Radar Malioboro – Sejumlah negara yang selama ini dikenal dekat dengan Israel mengambil langkah mengejutkan di kancah diplomasi internasional. Inggris, Kanada, dan Australia secara resmi mengakui Palestina sebagai sebuah negara. Pengumuman dilakukan serentak pada Minggu (21/9/2025).
Perdana Menteri Inggris Keir Starmer dalam pidatonya yang diunggah di akun resmi X menyatakan, “Hari ini, demi menghidupkan kembali harapan perdamaian dan solusi dua negara, saya sebagai Perdana Menteri negara besar ini dengan tegas menyatakan bahwa Kerajaan Inggris secara resmi mengakui Negara Palestina,” ujarnya.
Starmer menambahkan, “Pembebasan sandera, berakhirnya penderitaan, dan kembalinya fokus pada solusi dua negara adalah harapan terbaik bagi perdamaian dan keamanan semua pihak.”
Di Kanada, Perdana Menteri Mark Carney menegaskan hal serupa dalam pernyataan resminya yang diunggah di situs pemerintah, “Kanada mengakui Negara Palestina dan menawarkan kerja sama untuk membangun masa depan yang damai, baik bagi Negara Palestina maupun Negara Israel.”
Sementara itu, Australia merilis pernyataan bersama Perdana Menteri Anthony Albanese dan Menteri Luar Negeri Penny Wong yang juga diunggah di website resmi. “Efektif hari ini, Minggu (21/9/2025), Persemakmuran Australia secara resmi mengakui Negara Palestina yang independen dan berdaulat,” tulis pernyataan tersebut.
“Pengakuan Australia atas Palestina hari ini, bersama Kanada dan Inggris, adalah bagian dari upaya internasional yang terkoordinasi untuk membangun momentum baru menuju solusi dua negara, dimulai dengan gencatan senjata di Gaza dan pembebasan para sandera,” lanjutnya.
Di Eropa, Portugal menegaskan bahwa pengakuan Palestina adalah konsistensi dari garis kebijakan luar negeri negaranya.
Menteri Luar Negeri Paulo Rangel menyatakan, “Pengakuan terhadap Negara Palestina adalah realisasi dari garis kebijakan luar negeri Portugal yang fundamental dan konsisten.
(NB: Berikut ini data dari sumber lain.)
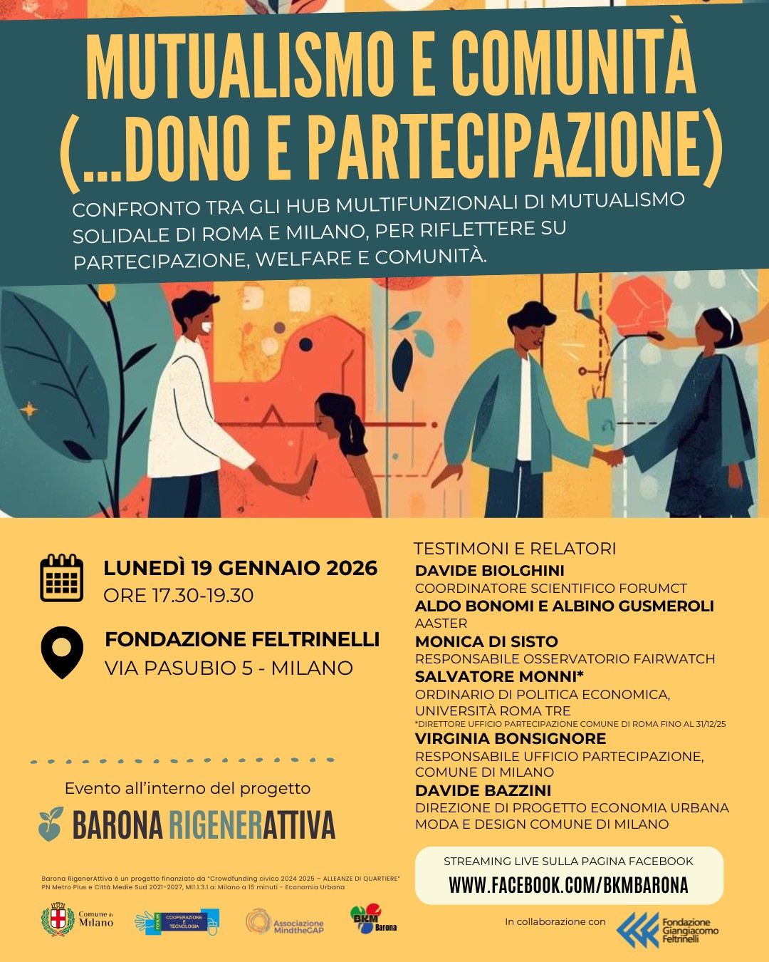 Attraverso testimonianze e dialogo tra ricerca, pratiche sociali e politiche pubbliche, l’incontro mira a esplorare il ruolo del mutualismo nella costruzione di legami sociali e spazi di prossimità.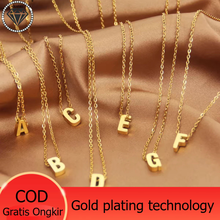 SAT.10 Kalung Rantai Huruf Gold - Original Designed Kalung Liontin Huruf SAT-FCA4030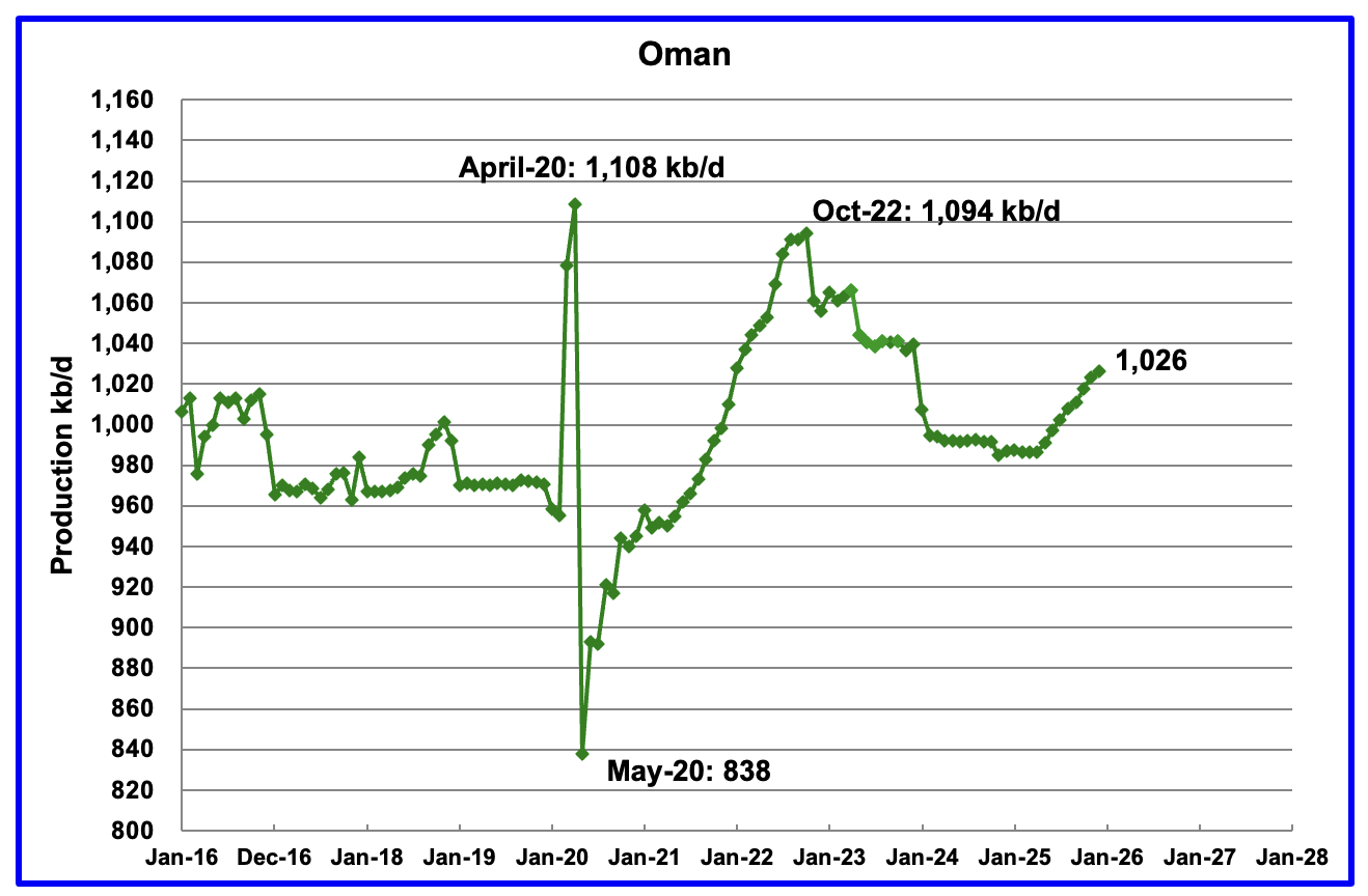 According to the EIA, December’s output rose by 3 kb/d to 1,026 kb/d. Oman’s production appears to have started a budding growth phase. Previous production peaked in October 2022.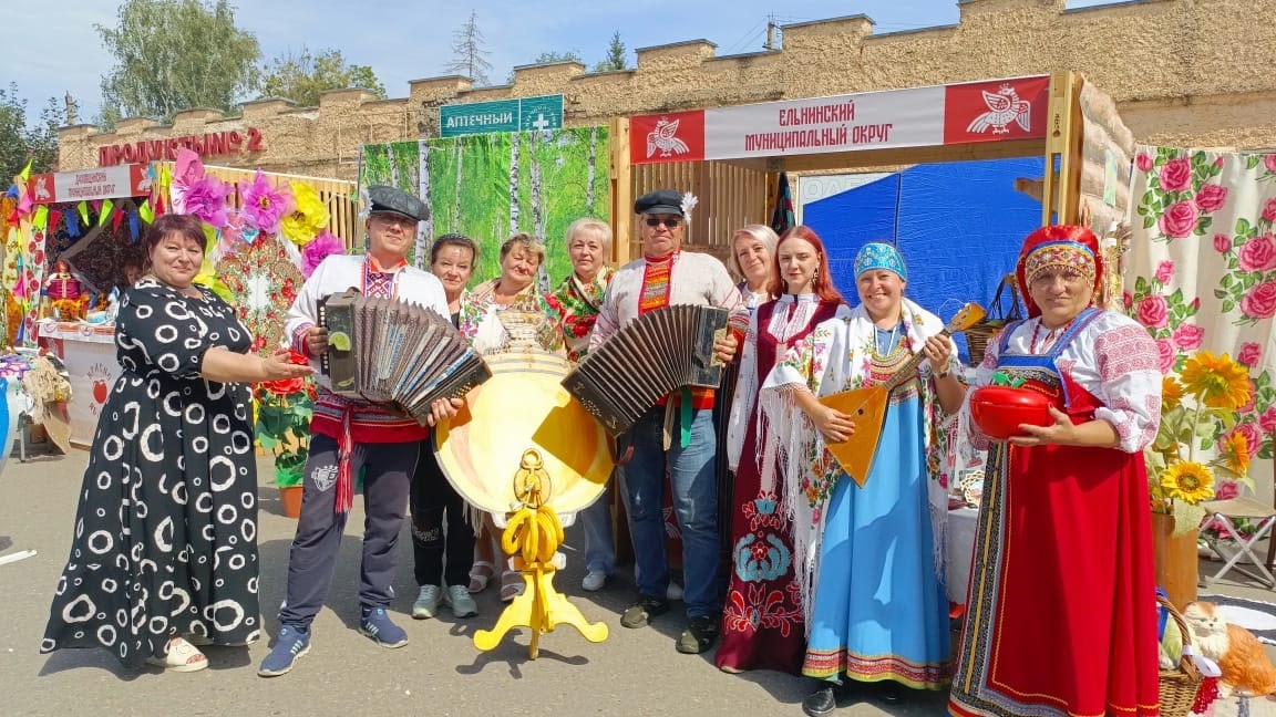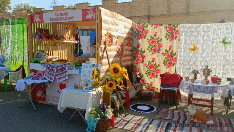 В праздновании принял участие и наш Ельнинский муниципальный округ. Все муниципальные округа области представляли яркие красочные подворья и фотозоны. Наша фотозона была оформлена в стиле русской избы, в которой с удовольствием фотографировались как местные жители, так и гости праздника. Так же на нашем подворье можно было полакомиться свежей, вкусной выпечкой, которую испекли работники сельских Домов культуры нашего округа. Народный коллектив фольклорный ансамбль «Реченька» принял участие в фестивале, который так же проходил в этот день на центральной площади посёлка.

Portugal memandang solusi dua negara sebagai satu-satunya jalan menuju perdamaian yang adil dan berkelanjutan,” ujar Rangel di markas besar misi tetap Portugal di PBB New York, sebagaimana dilaporkan Reuters.
Palestina menyambut baik langkah pengakuan tersebut. Menurut laporan Reuters, Presiden Palestina Mahmoud Abbas menyatakan bahwa keputusan itu akan membuka jalan bagi Negara Palestina untuk “hidup berdampingan dengan Negara Israel dalam keamanan, perdamaian, dan hubungan bertetangga yang baik.”
Israel justru merespons dengan kecaman. Perdana Menteri Benjamin Netanyahu menilai pengakuan itu sebagai “hadiah besar bagi terorisme” dan menegaskan bahwa negaranya tidak akan pernah menerima berdirinya negara Palestina di wilayah barat Sungai Yordan.
“Hal itu tidak akan terjadi,” tegas Netanyahu dalam pidato yang dikutip Reuters.
Sejumlah analis menilai pengakuan ini terutama dipicu oleh situasi kemanusiaan di Gaza yang memburuk, serta percepatan pembangunan pemukiman Israel di Tepi Barat.
Tekanan publik dan politik di dalam negeri juga mendorong pemerintah-pemerintah Barat mengambil langkah simbolis untuk menunjukkan keberpihakan pada perdamaian.
Dengan langkah terbaru ini, lebih dari 150 negara anggota PBB kini telah mengakui Palestina sebagai negara. Namun implementasi di lapangan, mulai dari penetapan perbatasan, status Yerusalem, hingga kendali keamanan, tetap menjadi tantangan besar.